I'm trying to inject latent dirichlet allocation(LDA) into scoring the relevancy of the search documents, and got stuck. I have only just got started with Lucene. I am using code from "Lucene in Action" to get started.
The plan is to try out a mixture of weightage of the default tf-idf model and the cosine similarity between the topic vectors of the query and each document. e.g 0.5 * tfidf + 0.5 * cos(Q,D)

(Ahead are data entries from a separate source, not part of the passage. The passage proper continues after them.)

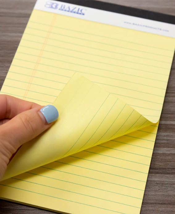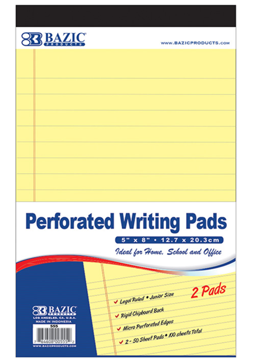 Bloc de notas perforado, 5.0 x 8.0 in, 50 unidades (paquete de 2) Color amarillo canario. 50 hojas por bloc. 2 almohadillas por paquete. Espacio entre líneas de 5/16. Legal dictaminado. Papel estándar y liso de 56 g/m7/15 lb. El tamaño para arrancar es de 7″ x 5″. El bloc de notas cuenta con un fuerte respaldo de cartón que proporciona estructura y una superficie de escritura resistente para tomar notas mientras viaja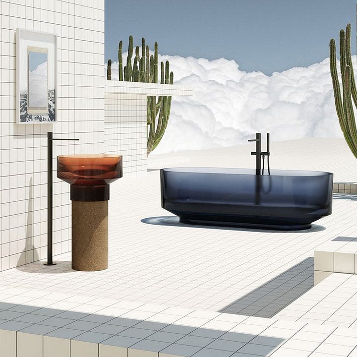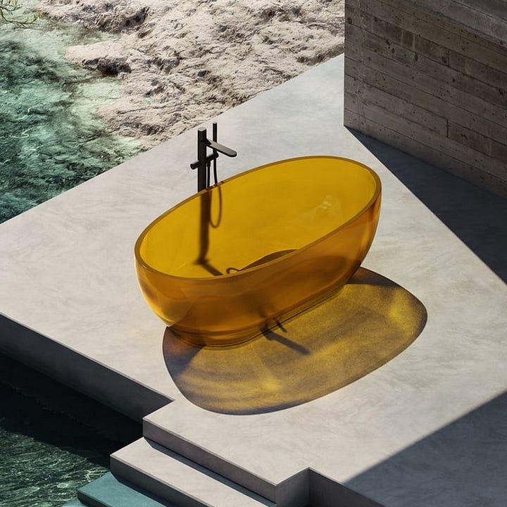 Big brands are in on the act too. Bathroom specialist Antonio Lupi formulated a highly resistant, high gloss coloured resin christened Cristalmood, which they used to create translucent bathtubs that make you feel as if you were soaking in a Venetian wine glass.
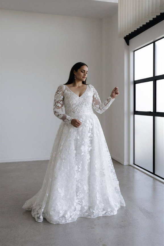 A magical floral plus-size wedding dress.

I have tried storing the topic vector for each document during indexing, using a delimiter between each score index:
doc.add(new Field("lda score", "0.200|0.111|0.4999",
Field.Store.NO,
Field.Index.NOT_ANALYZED_NO_NORMS));
Then during searching:
//tfidf
Query q = new QueryParser(Version.LUCENE_30,
"content",
new StandardAnalyzer(
Version.LUCENE_30))
.parse("some text here");
FieldScoreQuery qf = new FieldScoreQuery("lda score",
FieldScoreQuery.Type.BYTE);
CustomScoreQuery customQ = new CustomScoreQuery(q, qf) {
public CustomScoreProvider getCustomScoreProvider(IndexReader r) {
return new CustomScoreProvider(r) {
public float customScore(int doc,
float tfidfScore,
float ldaScore) {
return 0.5*tfidfScore + 0.5*ldaScore);
} };
Obviously, it is the FieldScoreQuery
portion that I require help on. How do I read in the query string, run lda inferencing (analysis separate from lucene) and cosine similarity t churn out scores for the CustomScoreQuery
to consume?
Is this the correct way to do this, or do I need to go into the Similarity
classes? Some code samples to help me get started would be appreciated.